LED driver

A project log for Ultra low power LED

<1.5µA current consumption when continuously on, optional flashing mode

Christoph TackChristoph Tack 03/13/2020 at 21:050 Comments

Lessons learned from #TritiLED 

Series resistor

The simplest, but certainly not the most efficient way to drive an LED.  To limit power consumption, the resistor should be chosen as large as possible.  Unluckily LEDs are not very efficient at these low currents.

Fly back diode on inductor

The current through the LED will be a sawtooth with a falling slope (unlike a rising slope in the image below).  That doesn't impact the RMS-value.

RMS value of a sawtooth impulse

In our case, delta will be 100%, or 1.  So the peak current in the saw tooth is 1.73 times the RMS-current in the sawtooth pulse.  For an RMS-current of 5mA, we must generate a sawtooth with a peak current close to 9mA. 

As our supply voltage will be fixed, the only parameters left to play with, are the inductance value and the pulse width.


Simplified calculations

Simplified in a way that no losses are taken into account.

Needed pulse width

Calculation of the pulse width at the gate of the MOSFET.

Calculation of the pulse width at the gate of the MOSFET.

Example for an inductor of 1mH, 3V supply voltage and a peak inductor current (top of the sawtooth) of 9mA

You could choose a smaller inductor value, but this also decreases the pulse width.  Smaller pulse widths require smaller RC-combinations for the one-shot timer.  This will lead to increased loss (smaller R) or less precision (C is only a few picofarads).

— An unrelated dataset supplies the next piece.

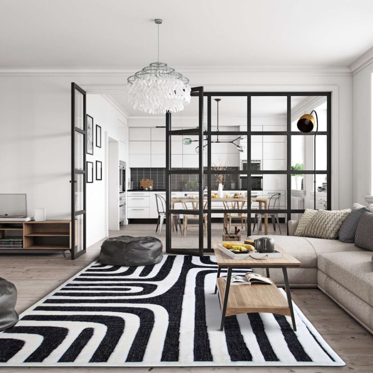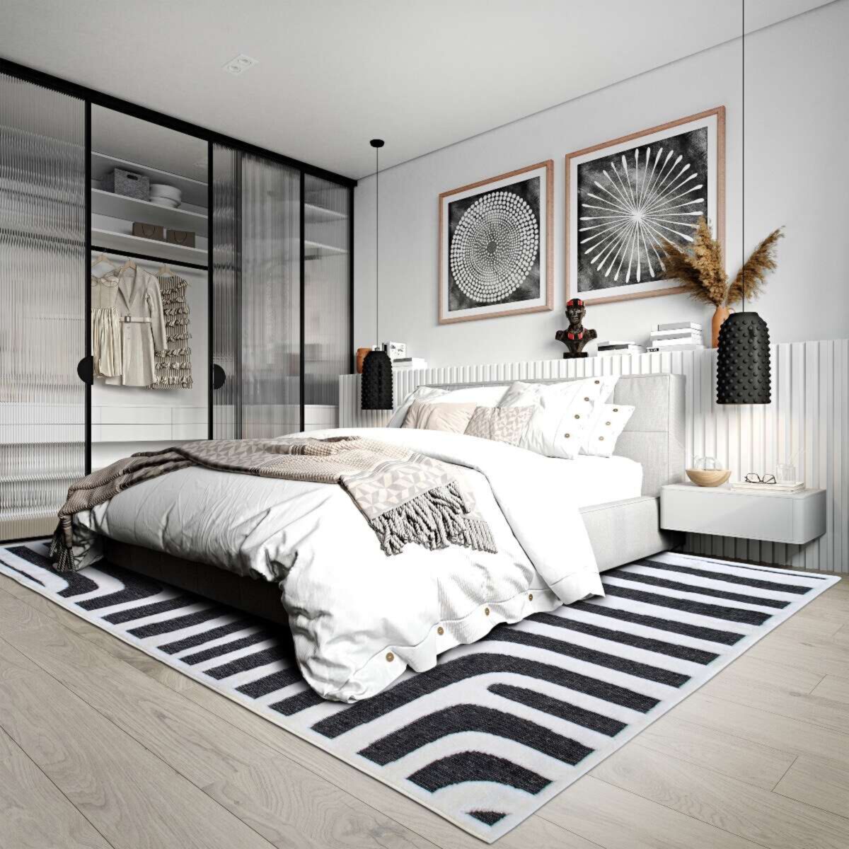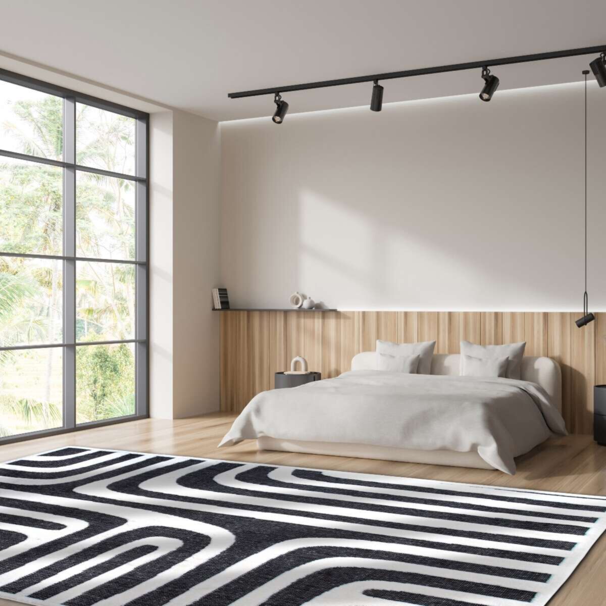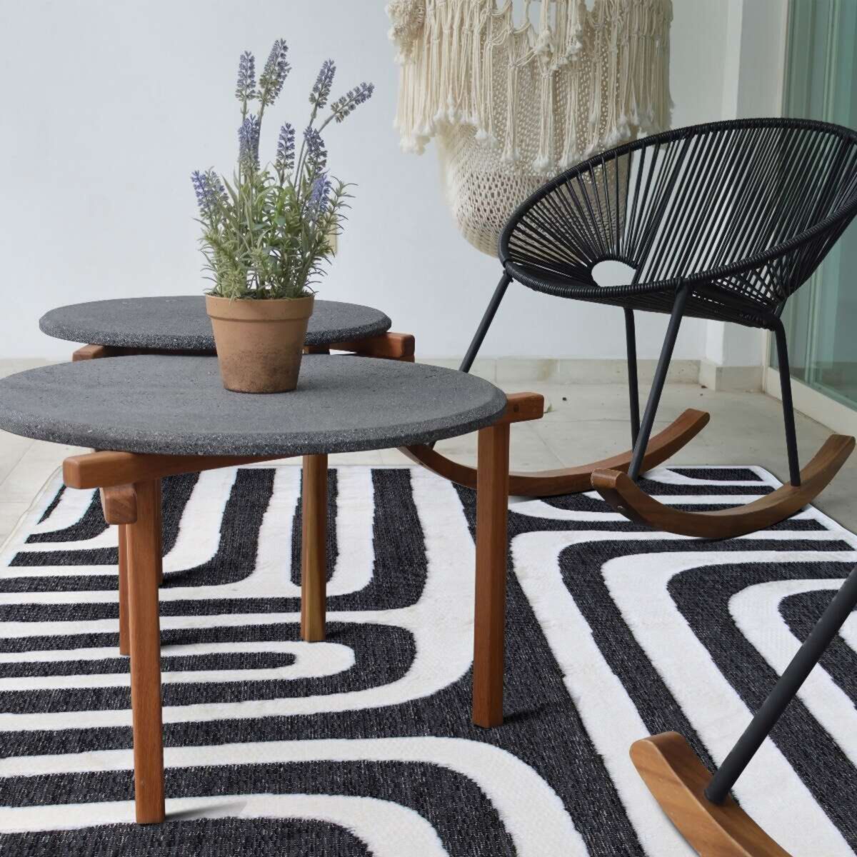 Tapis intérieur et extérieur motif optique en relief anthracite 195x275

Either one or two LEDs will be used as a load.  When two LEDs are connected in series, the inductor current drops to zero in about half the time as when only one LED would be connected.  Either the LEDs are still bright enough, then the 1mH inductor can remain.  If not, then the inductor value and pulse width can be doubled.

Current consumption

Here we calculate the DC-current consumption, as would be shown on a multimeter feeding this circuit.

Example calculation with inductor = 1mH, peak inductor current is 9mA, pulse repetition frequency is 50Hz and a LED voltage of 2.6V (when the current through the LED is 9mA).


LED driver for one or two LEDs
LED driver for one or two LEDs

The LED driver itself is quite simple.  If Q2 conducts, current starts rising in the inductors.  Once Q2 stops conducting, the inductor will create a negative voltage on the cathode of D2, and the current will flow through the LEDs.

The extra inverter consisting of Q6 and R14 has been added because I didn't want to add an extra transistor to the BoM, instead I reused the FDV301 and the SI3401A.

This circuit doesn't work as intended, i.e. creating 3µs ON-times for Q2.  Can you spot the error?

I overlooked the discharging of the Q2 gate capacitance.  To pull Q2 into conduction, Q6 conducts and charges Q2 fast.  When Q6 stops conducting however, the Q2's gate has to discharge through R14, which is 100K.  This takes about 180µs!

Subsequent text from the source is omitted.